The first wave of Voice First devices will likely come from these companies with consumer grade and enterprise grade systems and devices:

Apple
Microsoft
Google
IBM
Oracle
Salesforce
Samsung
Sony
Facebook

Emotional Interfaces

Voice is not the only element of the human experience making a comeback. In my 800 page voice manifesto I assert that emotional intent facial recognition, along with hand and body gestures, will become a critical addition to the integration of the Voice First future. Although just like voice, facial expression decoding sounds like a novelty. Our voices, combined with a decoding in real-time of the 43 muscles that form an array of expressions, can communicate not only deeper meaning but deeper understanding of volition and intent.

Microsoft Emotion API showing facial scoring

Microsoft’s Cognitive Services has a number of APIs centered around facial recognition. In particular, the Emotion API [15] is most useful. It is currently limited to a pallet of 8 basic emotions with a scoring system that allows weighting in each category in real-time. I have seen far more advanced systems in development that will track nuanced micro-movements to better understand emotional intent.

The Disappearing Computer And Device

Some argue voice systems will become an appendage to our current devices. These systems are currently present on many devices but they have failed to captivate on a mass scale. Amazon’s Echo captivates because of the dynamics present when Voice First defines a physical space. The room feels occupied by an intelligent presence. It is certain that existing devices will evolve. But it is also certain Voice First will enhance these devices and, in many cases, replace them.

The growth of Voice First devices in 10 years will rival the growth of tablet sales

What becomes of the device, visual operating system, the app when there is little or no need to touch it? You can see just how disrupted the future is for just about every element of technology and business.

The Accelerating Rate Of Change

We have all rapidly acclimated to the accelerating rate of change this epoch has presented as exampled in the monumental shift from mechanical keyboards of cell phones, as typified by the Blackberry device of 2007 at the apex of its popularity and then shift to typing on a glass touch screen brought about with the iPhone release. All quarters, from the technological sophisticates to the common business user to the typical consumer, said they would never give up the world of the mechanical keyboard [16]. Yet, they did. By 2012, the shift had become so cemented in the direction of glass touch screens and simulated keyboards, no one was going backwards. In ten years, few will remember the tremendous amount of cognitive and mechanical steps we went through just to glean simple answers.

Typical iPhone vs. Blackberry comparisons in 2008

One Big Computer As One Big Brain

In many ways we have come full circle to the predictions made in the 1960s that there will be no need for more than a few dozen computers in the world. The huge AI self-learning systems like Viv will use the “hive mind” of the crowd. Some predict it will render our local computers little more than “dumb pipes” with a conduit to one or a few very smart computers in the cloud. We will all face the positive and the negative aspects this will bring.

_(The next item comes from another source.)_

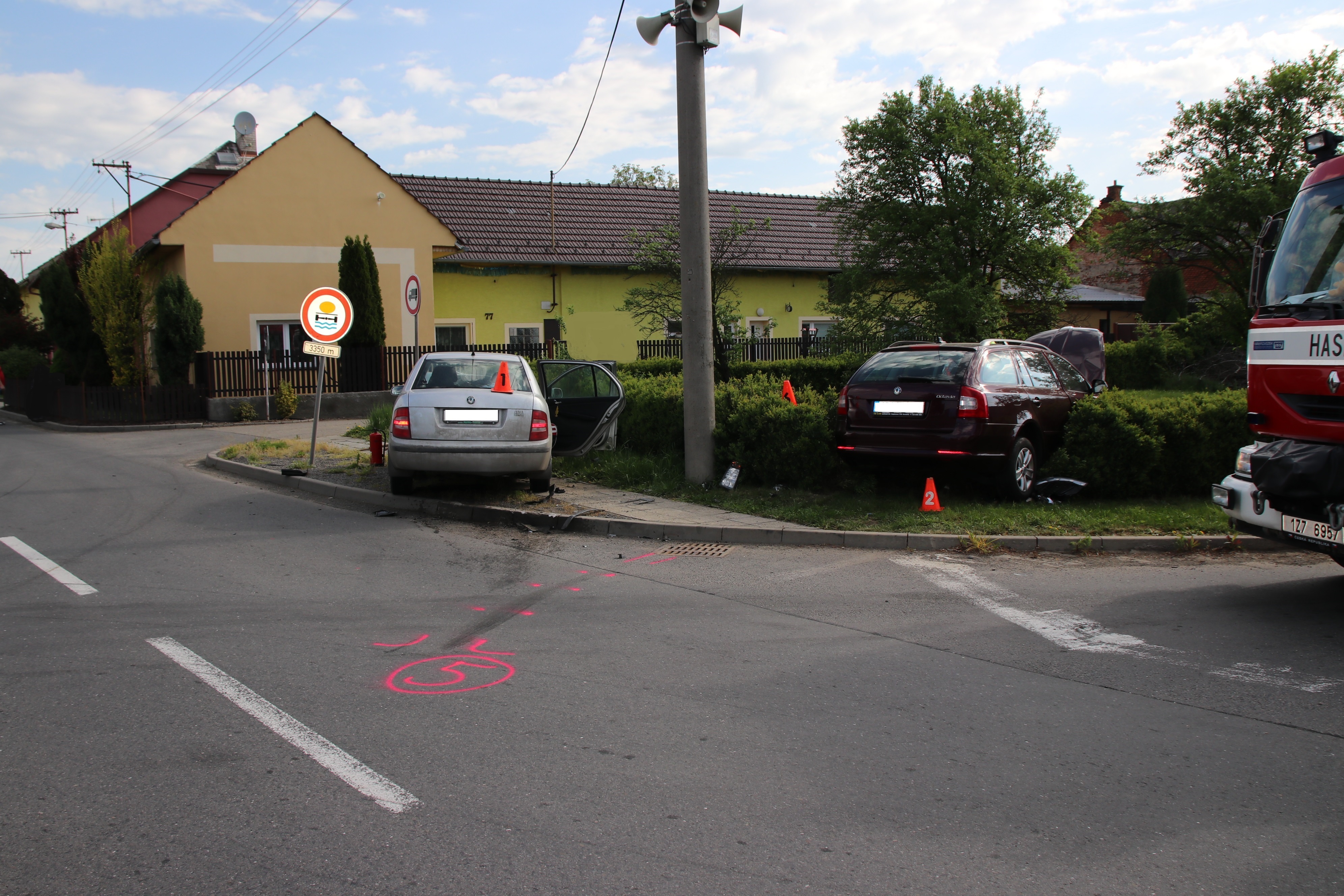 První se stala v osm hodin ráno ve Skašticích. Sedmasedmdesátiletý řidič přijížděl po vedlejší silnici od Chropyně a chtěl křižovatkou projet rovně. Nedal přednost vozidlu přijíždějícímu po hlavní silnici od Kroměříže. Po nárazu byla osobní vozidla odhozena mimo komunikaci. Oba řidiči utrpěli lehké zranění. Záchranáři převezli sedmasedmdesátiletého i jednašedesátiletého muže k dalšímu ošetření do kroměřížské nemocnice. Před převozem provedli policisté Obvodního oddělení Hulín u obou řidičů dechové zkoušky, s negativním výsledkem. Škoda na vozidle staršího z řidičů byla odhadnuta na 60 tisíc, u druhého vozu na 70 tisíc korun. Dvoutisícová škoda vznikla na živém plotě.
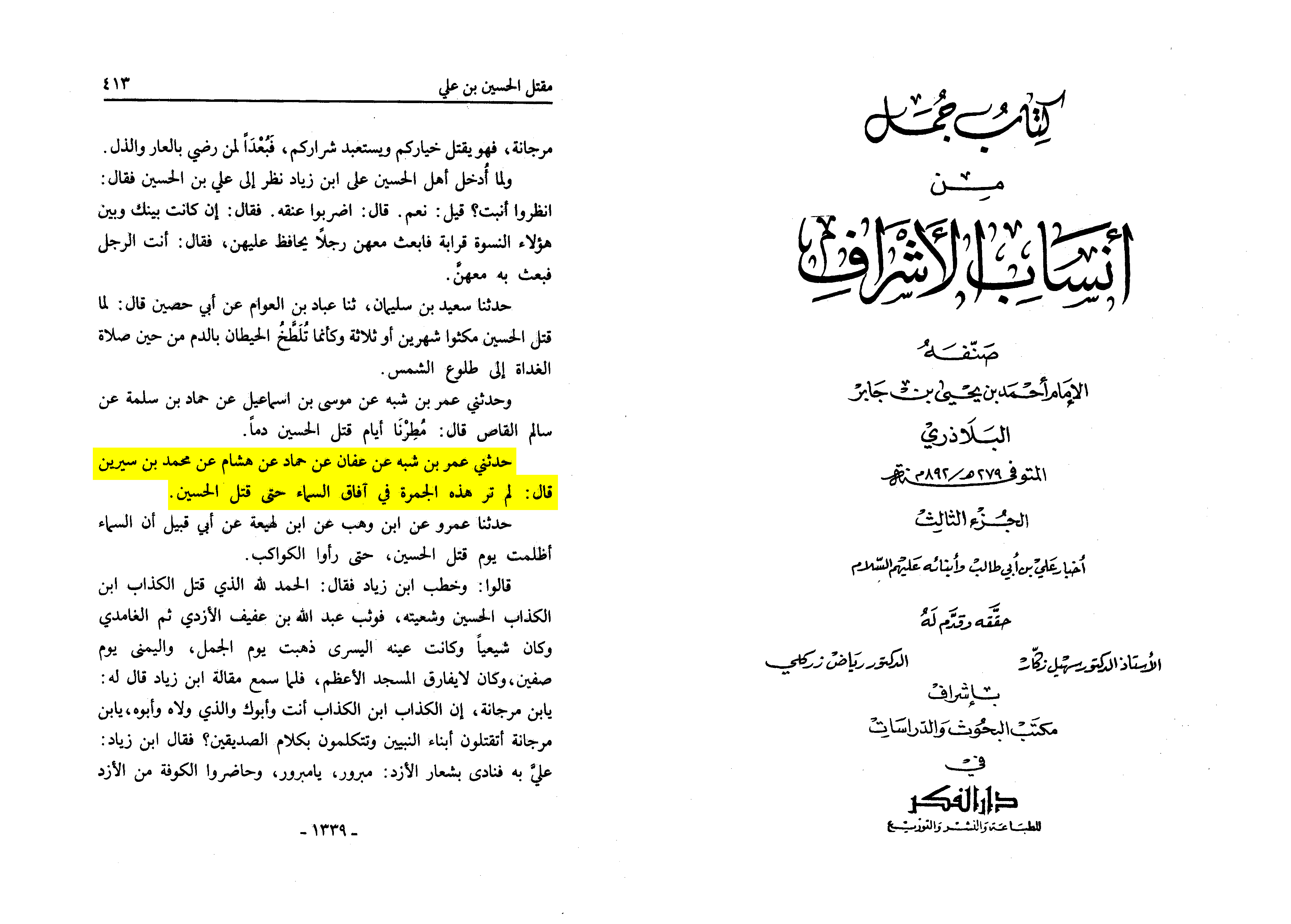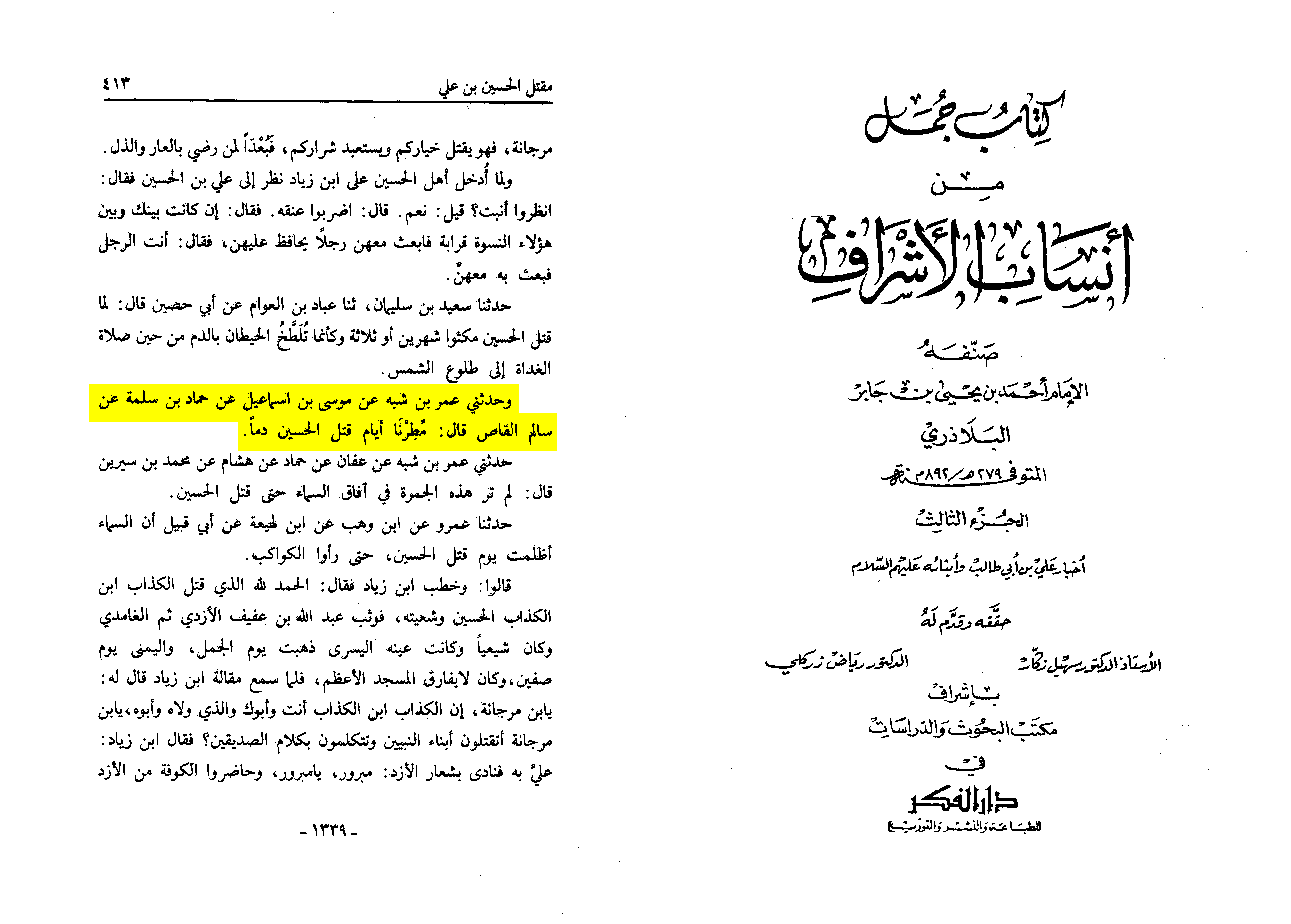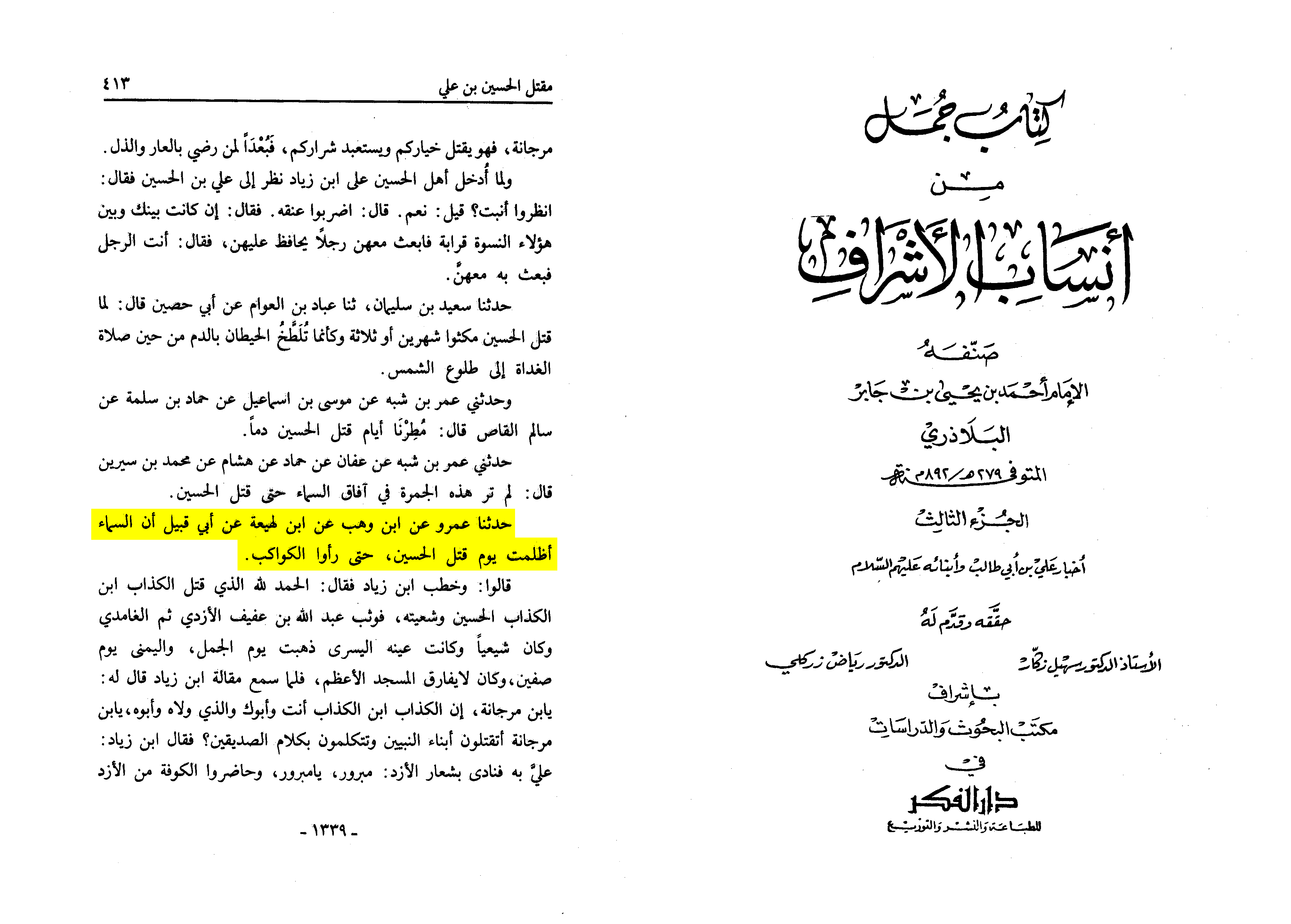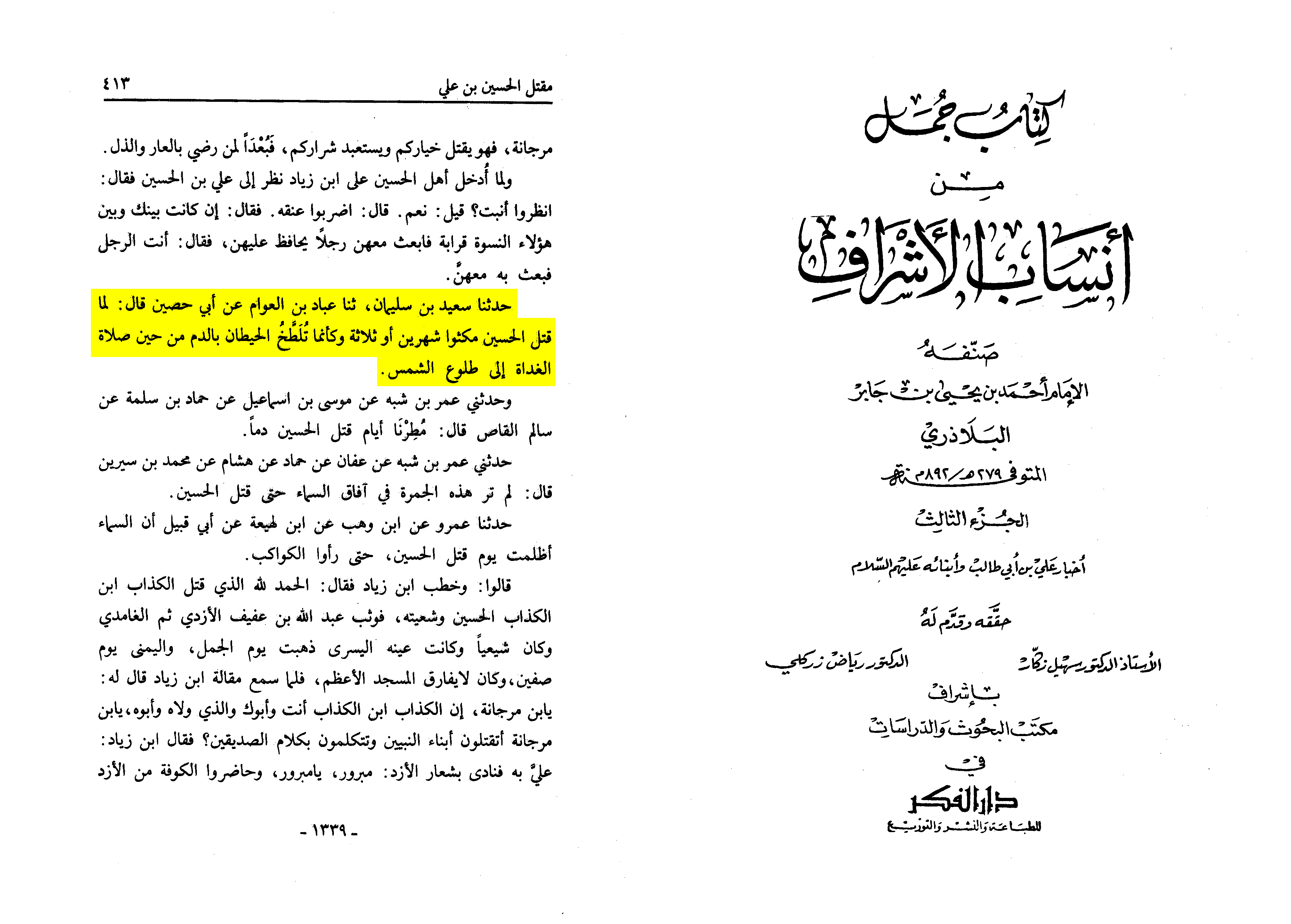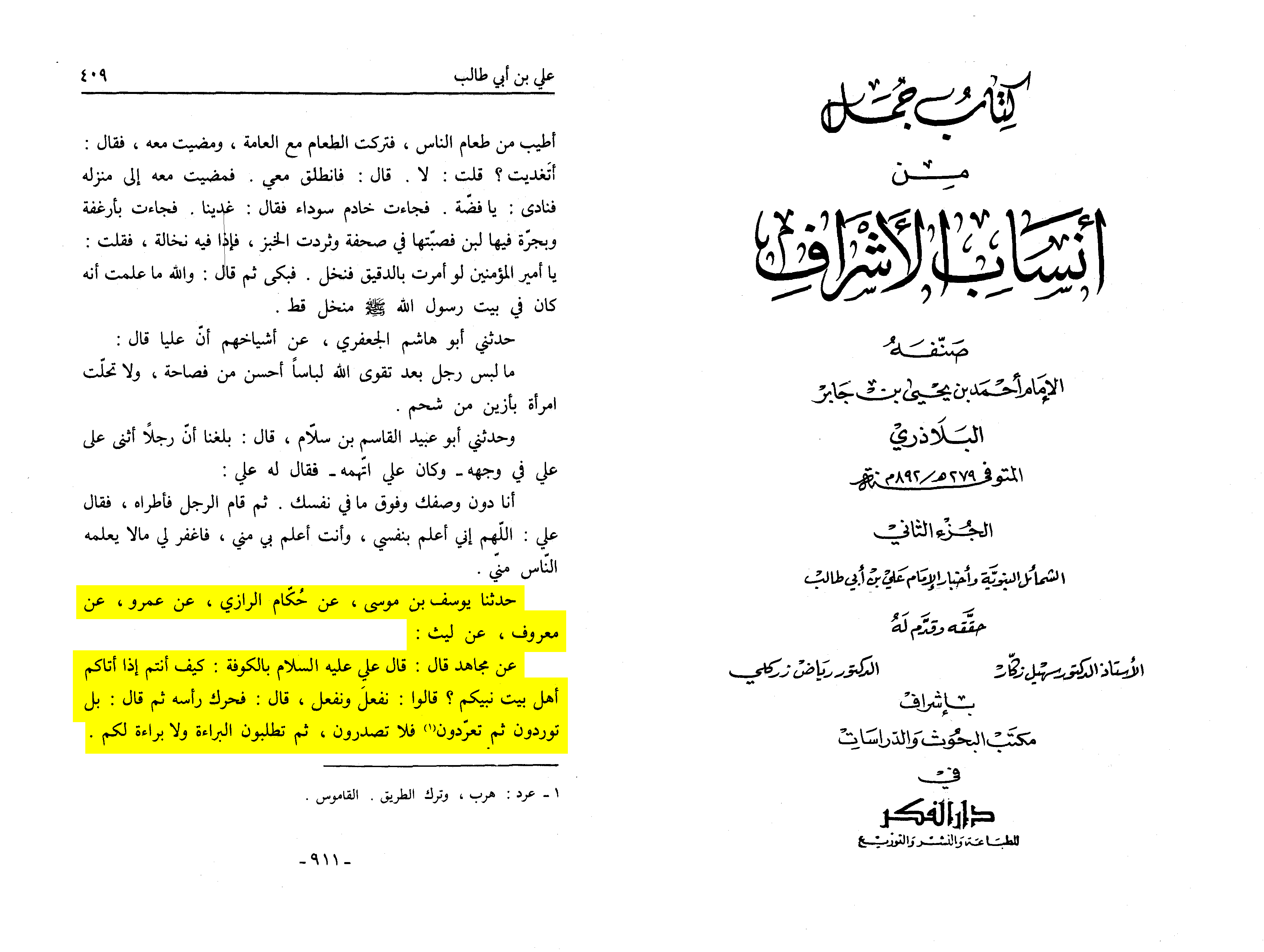 It can also be seen from a report in Ansab al-Ashraf, Vol. 2, pg. 409:

In 2016, we are at the precipice of something grand and historic. Each improvement in the way we interact with computers brought about long term effects nearly impossible to calculate. Each improvement of computer interaction lowered the bar for access to a larger group. Each improvement in the way we interact with computers stripped away the priesthoods, from the 1960s computer scientists on through to today’s data science engineers. Each improvement democratized access to vast storehouses of information and potentially knowledge.